When a node joins the network, it goes through a vetting process. One aspect of the node vetting process is auditing
the nodes for pieces they should be storing. A node must successfully complete a certain number of audits to pass the
vetting process. As more nodes join the network, the vetting process for each node takes longer because the satellite is
limited by how many total audits it can perform. As we onboard new nodes, the vetting process
takes increasingly longer for individual nodes. We need to be able to scale auditing depending on how many new nodes
recently joined. At the moment, each satellite has a default of 2 concurrent audit workers.
However, the more data is uploaded, new nodes are more likely to get data, therefore more audits.
A node is considered vetted when it receives a total of 100 audits. Unvetted/new nodes get 5% of data
from new uploads. This means, less than 5% of all audits are going to these new nodes.
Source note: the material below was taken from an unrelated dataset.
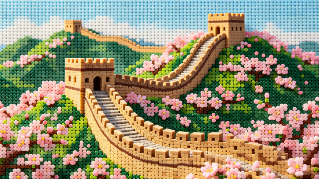 当AI拼豆遇上八达岭长城,沧桑古墙被拆解成萌萌的颗粒,漫山杏花则是温柔的粉白与淡粉,一簇簇、一片片,缀在长城的蜿蜒轮廓上,连风拂过花瓣的弧度,都被像素化定格成温柔的模样。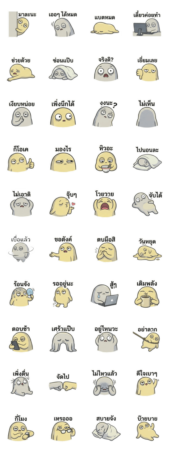 | スタンプ説明 | If your life battery is stuck at 10% and you just can't recharge, these soft, squishy blobs are for you! Perfect |

We don't want to increase
the percentage of uploads that go to new nodes, nor do we want to decrease the number of audits it takes
to vet a node because we don't want to risk lowering the overall quality of nodes on the network, effecting network durability.
See this [dashboard](https://redash.datasci.storj.io/dashboard/vetting?p_FILTER=created_at&p_PERIOD=year) to compare vetting times.
Here is a screenshot in case you can't access the dashboard. It shows percentiles for how long nodes took to get vetted, grouped by the month they were vetted.
A pending audit is an audit for a piece that needs to be re-verified because the connection expired before the online node responded to the request.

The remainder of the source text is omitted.